* **Material for this task**
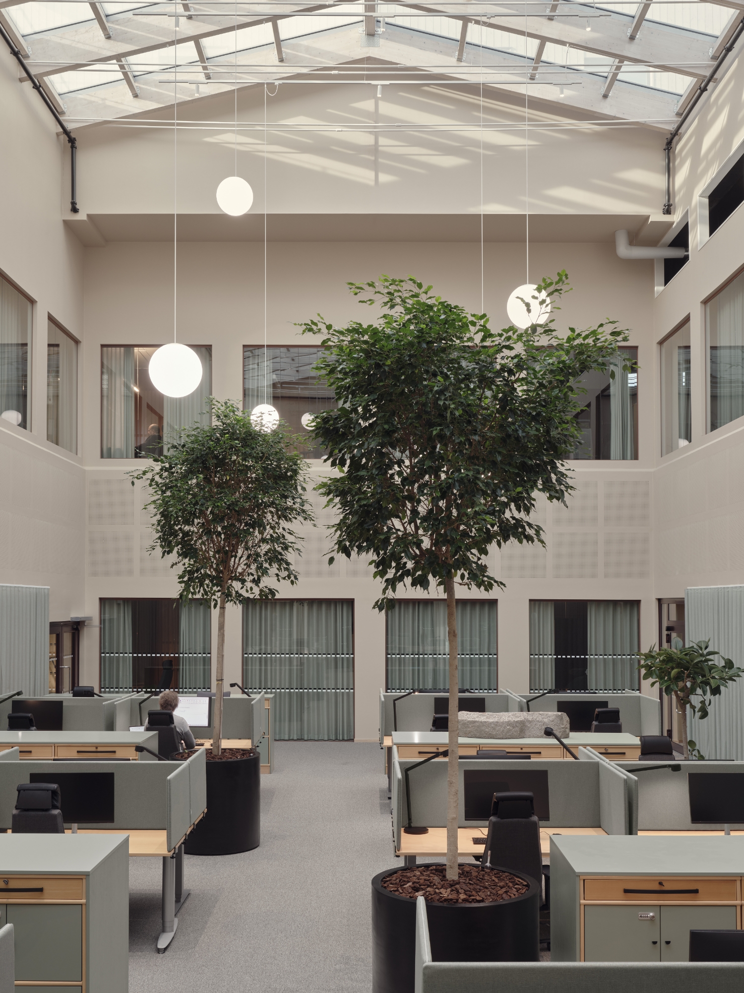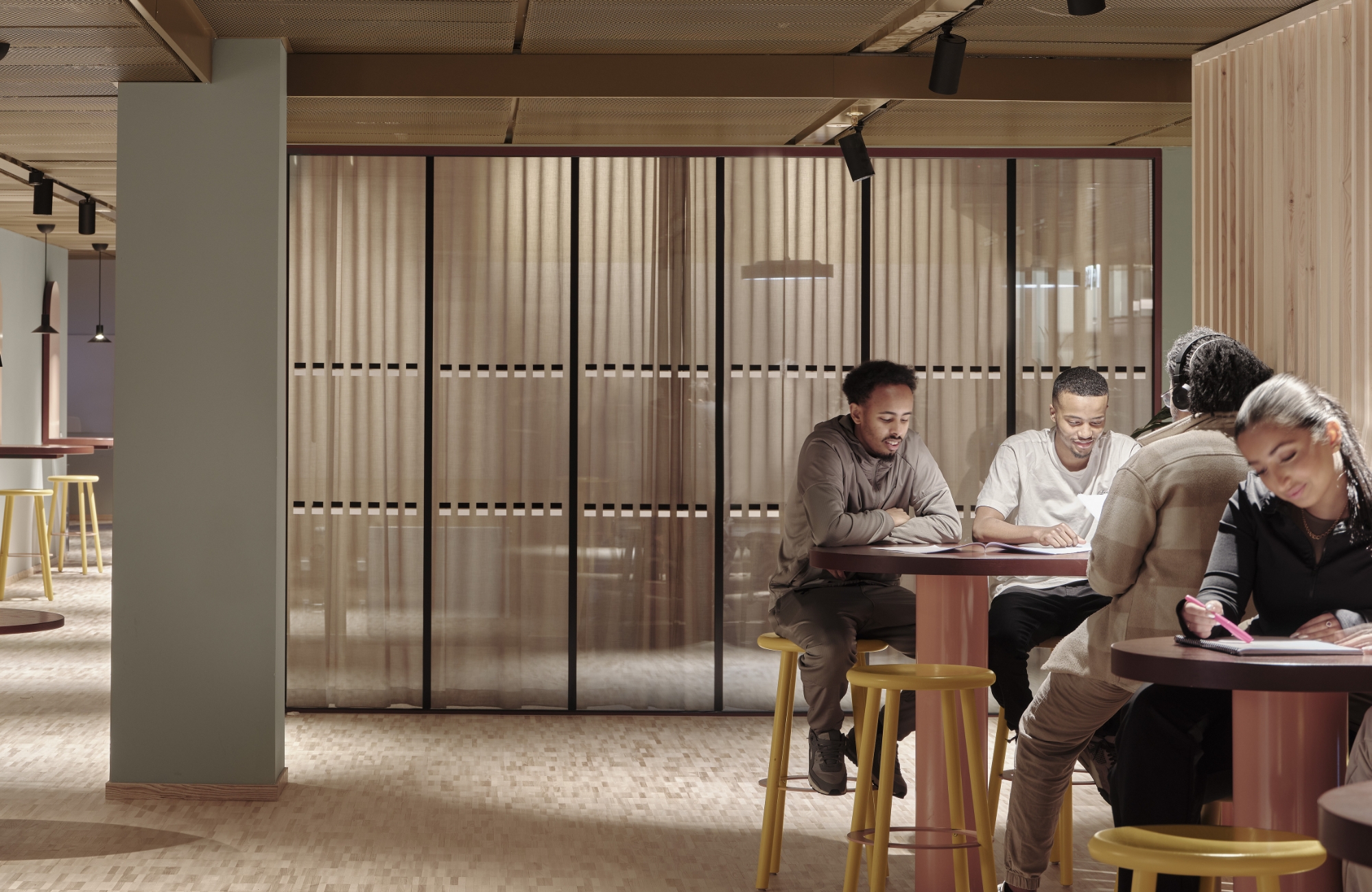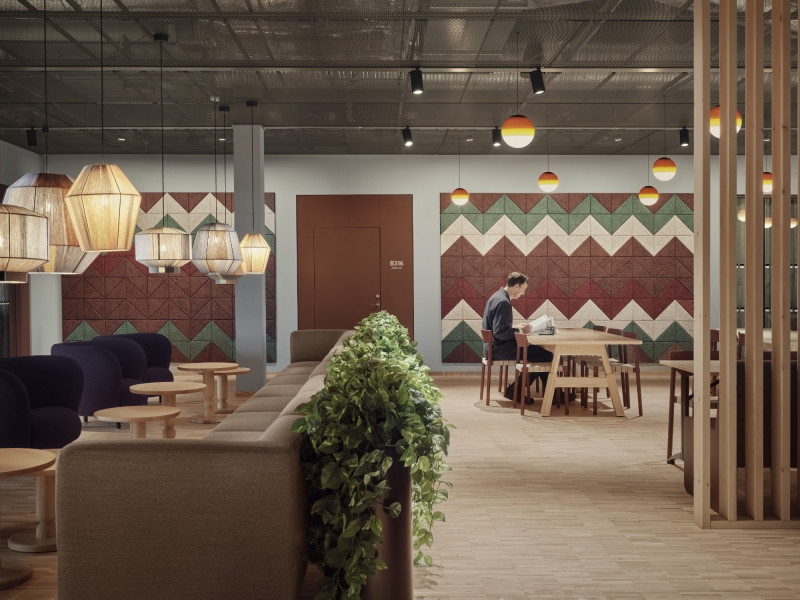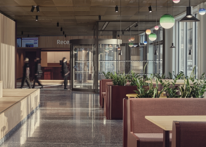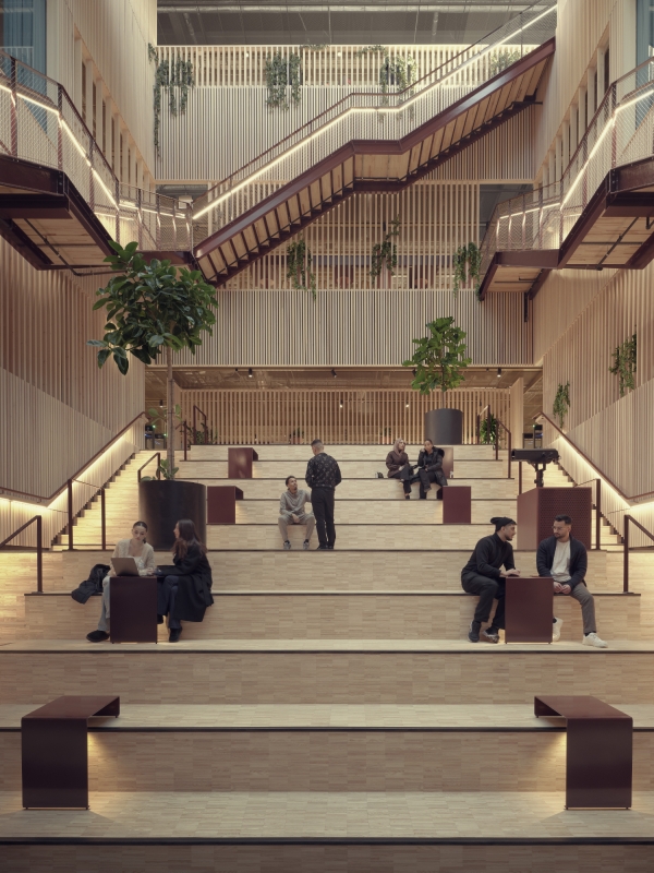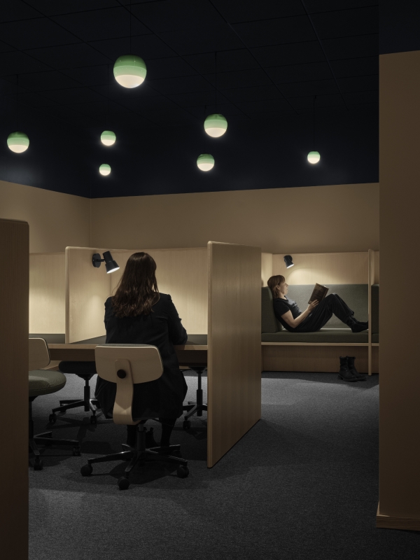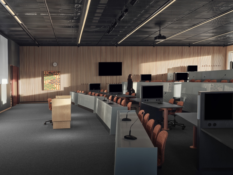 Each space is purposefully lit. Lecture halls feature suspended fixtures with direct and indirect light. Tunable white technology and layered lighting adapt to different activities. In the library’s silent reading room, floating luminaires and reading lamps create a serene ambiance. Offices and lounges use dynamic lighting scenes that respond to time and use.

* * *

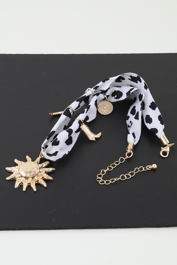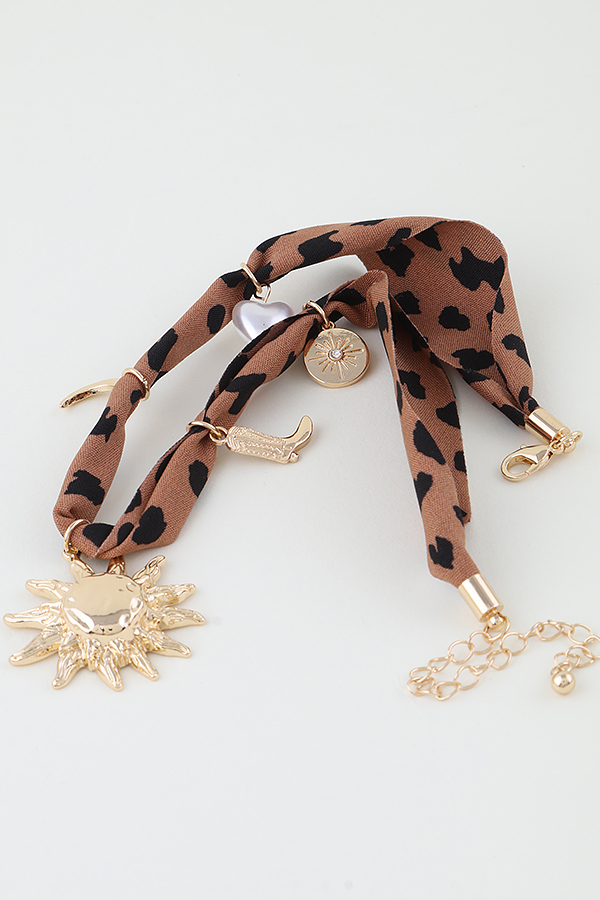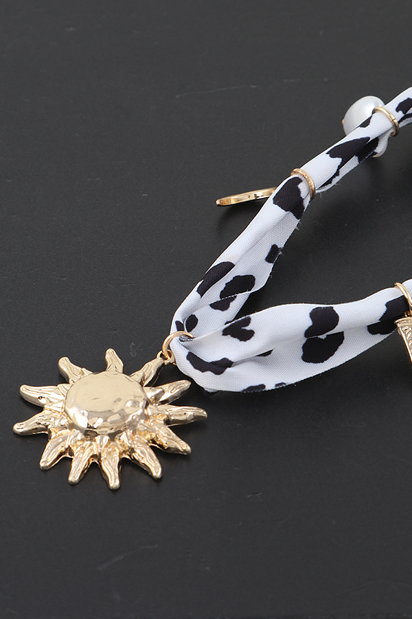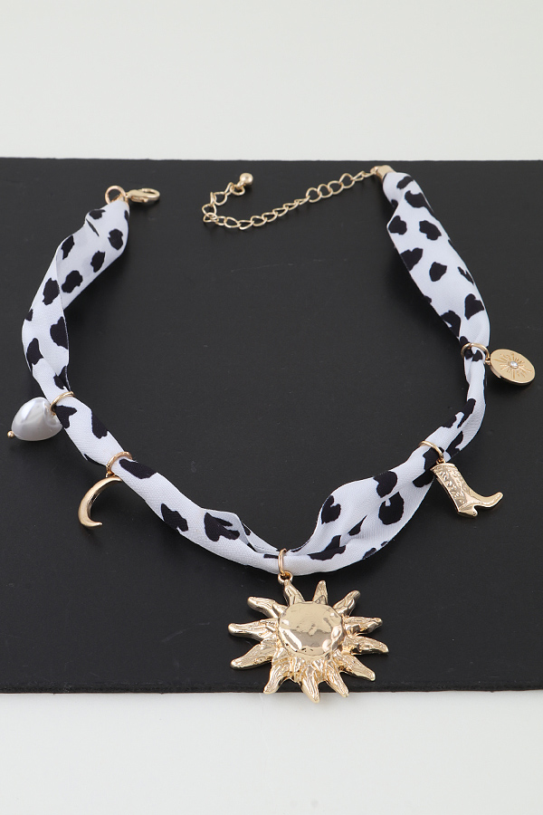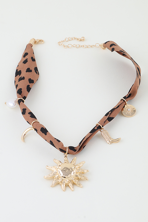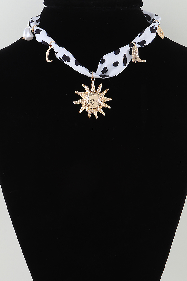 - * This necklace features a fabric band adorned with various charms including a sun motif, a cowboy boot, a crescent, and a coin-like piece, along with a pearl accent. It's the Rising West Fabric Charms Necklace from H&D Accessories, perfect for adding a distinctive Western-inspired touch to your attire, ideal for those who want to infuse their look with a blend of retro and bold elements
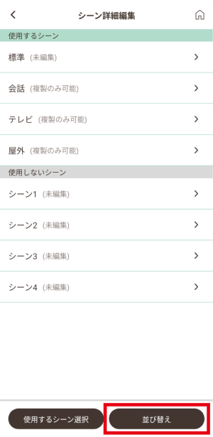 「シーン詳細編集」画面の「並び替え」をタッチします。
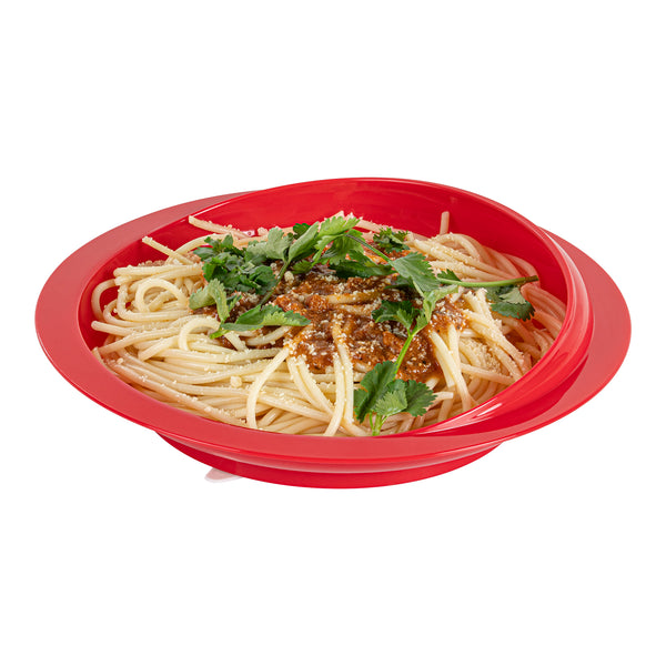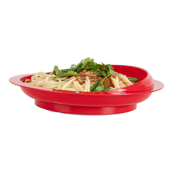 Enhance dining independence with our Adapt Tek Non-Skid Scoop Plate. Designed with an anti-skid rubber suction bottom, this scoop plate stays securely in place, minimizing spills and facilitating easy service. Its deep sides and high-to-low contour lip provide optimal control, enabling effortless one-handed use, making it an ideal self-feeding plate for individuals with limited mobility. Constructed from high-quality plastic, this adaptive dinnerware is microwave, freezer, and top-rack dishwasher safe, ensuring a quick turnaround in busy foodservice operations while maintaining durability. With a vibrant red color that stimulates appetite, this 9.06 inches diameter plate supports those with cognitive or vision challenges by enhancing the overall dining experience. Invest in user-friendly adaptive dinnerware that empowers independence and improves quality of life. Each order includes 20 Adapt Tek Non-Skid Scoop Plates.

* **Directions for this task**
Using the entries above, transcribe exactly from the line that has "- * This necklace" through the line that has "Enhance dining independence". Pictures are dropped.

* **Solution**
 - * This necklace features a fabric band adorned with various charms including a sun motif, a cowboy boot, a crescent, and a coin-like piece, along with a pearl accent. It's the Rising West Fabric Charms Necklace from H&D Accessories, perfect for adding a distinctive Western-inspired touch to your attire, ideal for those who want to infuse their look with a blend of retro and bold elements
 「シーン詳細編集」画面の「並び替え」をタッチします。
 Enhance dining independence with our Adapt Tek Non-Skid Scoop Plate. Designed with an anti-skid rubber suction bottom, this scoop plate stays securely in place, minimizing spills and facilitating easy service. Its deep sides and high-to-low contour lip provide optimal control, enabling effortless one-handed use, making it an ideal self-feeding plate for individuals with limited mobility. Constructed from high-quality plastic, this adaptive dinnerware is microwave, freezer, and top-rack dishwasher safe, ensuring a quick turnaround in busy foodservice operations while maintaining durability. With a vibrant red color that stimulates appetite, this 9.06 inches diameter plate supports those with cognitive or vision challenges by enhancing the overall dining experience. Invest in user-friendly adaptive dinnerware that empowers independence and improves quality of life. Each order includes 20 Adapt Tek Non-Skid Scoop Plates.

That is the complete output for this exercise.